Part Number: MSP430FR5994

Hi,

in slau367 @ page 829 stands:

"but it can hold SCL low if intervention of the CPU is required after a byte has been
received."

Question is: how can I hold the SCL line low, to signal to the master that some processing must be done?

Direct after reading the rx-buffer the usci i2c module sends an ACK and the master can't recognize that the last command must be processed. Imho holding SCL low while waiting for ACK is the only way for the slave to do this.

  • Hi Paul,

    It is automatic hold the SCL by slave if they didn't read the RXbuffer. You could see in the figure32-10. 

    Bus stalled (SCL held low) if UCBxRXBUF not read. 

  • Hi Allen,

    well this is what I said, the question is how to hold SCL low while the msp430 is processing the data?

  • In the text you quoted, "intervention of the CPU" refers to reading RXBUF. 

    As far as I know there is no way to ask the EUSCI to hold SCL low at some arbitrary time. The clock-stretching cases are listed in UG (SLAU367P) Sec 32.3.7.2.
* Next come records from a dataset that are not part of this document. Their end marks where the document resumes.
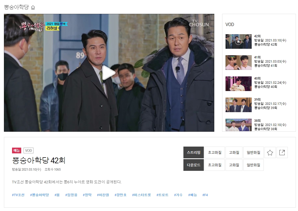 티브이조선 온에어 서비스를 이용하시면 뽕숭아학당 무료 다시보기 하실 수 있습니다. 아래 포스트에 접속하시면 티브이조선 온에어 무료 사용방법 및 스마트폰 휴대용기기에서 무료 감상 방법이 자세하게 나와있으니 참고하시면 됩니다.
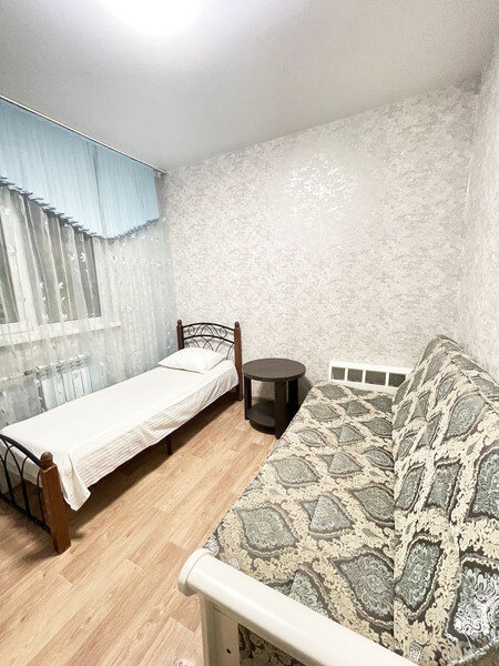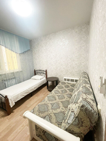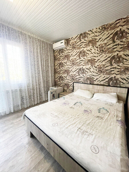 Двуспальная кровать, односпальная кровать, шкаф, зеркало, стол, стулья, с/у, ТВ.
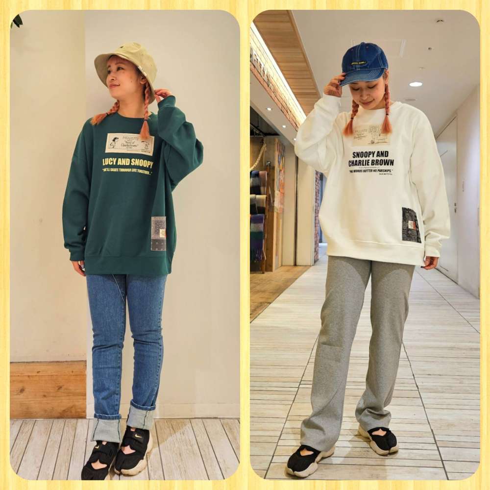 スヌーピーアイテムからトレーナーのご紹介です。 ビッグシルエットの形で、肩周りはドロップショルダーなので女性でも男性でも着用でしていただけるサイズ感と...
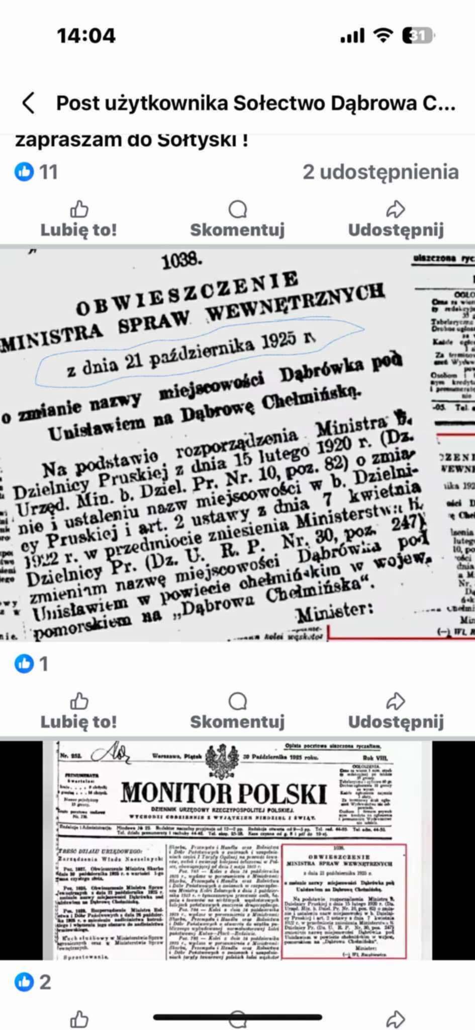 - Dąbrówka pod Unisławiem. Sto lat temu mieszkańcy naszej miejscowości poczuli się troszeczkę bardziej wyswobodzeni i już nie chcieli być „pod kimś", a tym bardziej pod Unisławiem, który jako wieś także bardzo mocno się rozrastał. Jako że jesteśmy na ziemi chełmińskiej, padła taka propozycja, żeby zmienić nazwę tej miejscowości i dodać właśnie człon „chełmińska", czyli żeby nas lokalizowało tutaj, w zakolu dolnej Wisły. Nasza miejscowość się zmieniła, jest prawie o 500 procent więcej mieszkańców. Mam nadzieję, że za 100 lat będzie tu jeszcze więcej mieszkańców, że będzie więcej dróg, nowe osiedla. Liczymy na nowych mieszkańców i zapraszamy serdecznie do gminy Dąbrowa Chełmińska - mówił wójt.
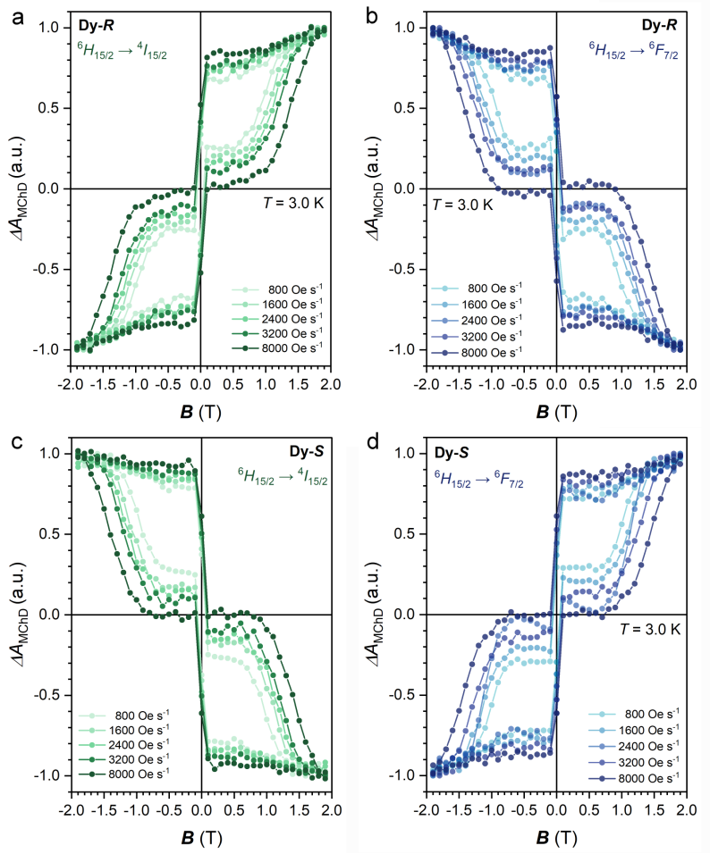 变温、变磁场的磁-手性二色性光谱(MChD)表明,Dy-S/R配合物存在天然光学活性与磁性的协同作用,其中,具有NCD 活性的 4I15/2← 6H15/2跃迁在 3.0 K 下呈现出 gMChD = 0.18(1) T⁻¹的信号,这是目前已报道的 Dy3+手性配合物中最强的磁-手性光学响应之一。与此同时,该配合物在低温下显示出显著的 SMM 行为,包括零场下超过 800 K 的有效能垒和8 K下的磁滞效应。利用天然光学活性、磁光学活性和 SMM 行为之间的协同作用,低温动态 MChD 测量能够高分辨地光学追踪两种对映体及不同电子跃迁对应的磁滞回线,从而实现对SMM行为的光学读取(图4),这一结果可望为光子学与磁数据读取开辟了新方向。

    Pre-emptively stalling the bus is a somewhat heavy-handed flow control mechanism -- it prevents the master from issuing a Stop (ending the current transaction) and talking to some other bus device. If you're expecting another byte, you can hold back that one (stretch the clock) until you're ready for it, by waiting to read it from RXBUF.

  • Hi Paul,

    It is implement by hardware and follow the I2C protocol spec. Standard I2C protocol spec has introduced that all the I2C interface is open drain structure. When in the same bus, same function pins are the logic AND. Any one could keep the bus low. You could search on google for the standard I2C protocol spec for more details.

    Thanks

  • The wording in UM10204 (rev 6) Sec 3.1.9 does appear to allow preemptive stalling, but as far as I know you can't ask the EUSCI to do it for you. And I would argue that even if you could, you shouldn't.